* [WHAT IS EXPECTED]: Leave out the pictures and copy each record below exactly.

(DATASET ENTRIES begins)

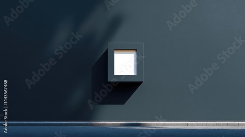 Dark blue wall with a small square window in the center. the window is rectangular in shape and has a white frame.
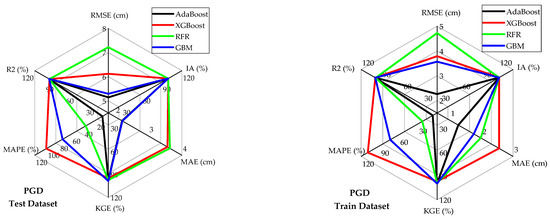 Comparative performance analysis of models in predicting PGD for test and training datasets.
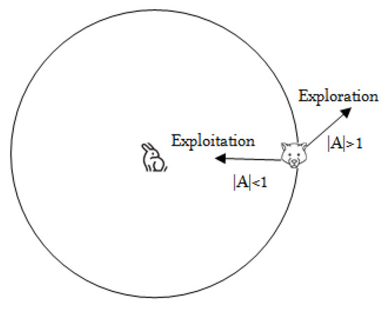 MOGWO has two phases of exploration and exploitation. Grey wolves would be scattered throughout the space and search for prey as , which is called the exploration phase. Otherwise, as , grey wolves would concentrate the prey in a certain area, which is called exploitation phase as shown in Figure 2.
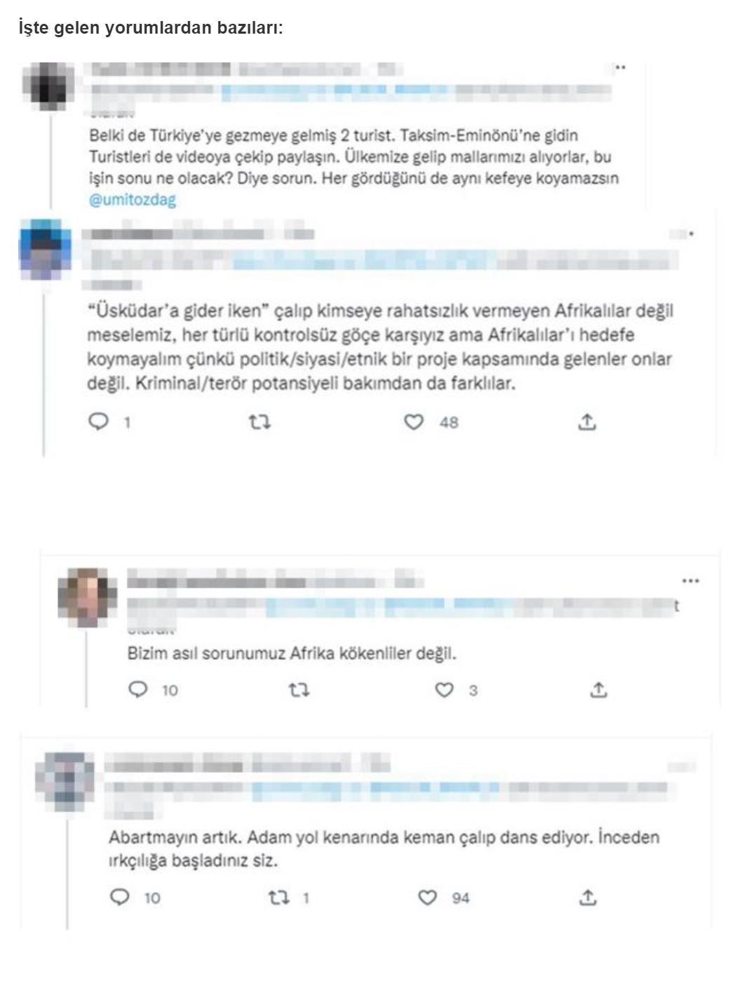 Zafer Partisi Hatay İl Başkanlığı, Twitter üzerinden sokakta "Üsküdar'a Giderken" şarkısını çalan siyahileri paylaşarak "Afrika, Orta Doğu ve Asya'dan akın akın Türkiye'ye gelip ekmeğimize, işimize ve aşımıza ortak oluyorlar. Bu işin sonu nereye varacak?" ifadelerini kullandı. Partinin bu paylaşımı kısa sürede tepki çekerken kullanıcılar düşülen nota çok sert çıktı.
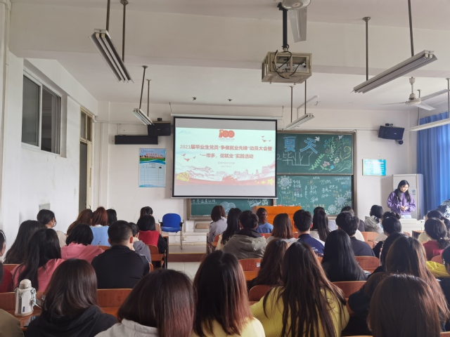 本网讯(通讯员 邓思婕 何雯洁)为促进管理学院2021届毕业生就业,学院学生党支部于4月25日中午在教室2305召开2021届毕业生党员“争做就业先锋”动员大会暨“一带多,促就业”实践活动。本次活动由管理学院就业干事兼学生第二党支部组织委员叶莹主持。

(DATASET ENTRIES ends)

* [EXERCISE ANSWER]:
 Dark blue wall with a small square window in the center. the window is rectangular in shape and has a white frame.
 Comparative performance analysis of models in predicting PGD for test and training datasets.
 MOGWO has two phases of exploration and exploitation. Grey wolves would be scattered throughout the space and search for prey as , which is called the exploration phase. Otherwise, as , grey wolves would concentrate the prey in a certain area, which is called exploitation phase as shown in Figure 2.
 Zafer Partisi Hatay İl Başkanlığı, Twitter üzerinden sokakta "Üsküdar'a Giderken" şarkısını çalan siyahileri paylaşarak "Afrika, Orta Doğu ve Asya'dan akın akın Türkiye'ye gelip ekmeğimize, işimize ve aşımıza ortak oluyorlar. Bu işin sonu nereye varacak?" ifadelerini kullandı. Partinin bu paylaşımı kısa sürede tepki çekerken kullanıcılar düşülen nota çok sert çıktı.
 本网讯(通讯员 邓思婕 何雯洁)为促进管理学院2021届毕业生就业,学院学生党支部于4月25日中午在教室2305召开2021届毕业生党员“争做就业先锋”动员大会暨“一带多,促就业”实践活动。本次活动由管理学院就业干事兼学生第二党支部组织委员叶莹主持。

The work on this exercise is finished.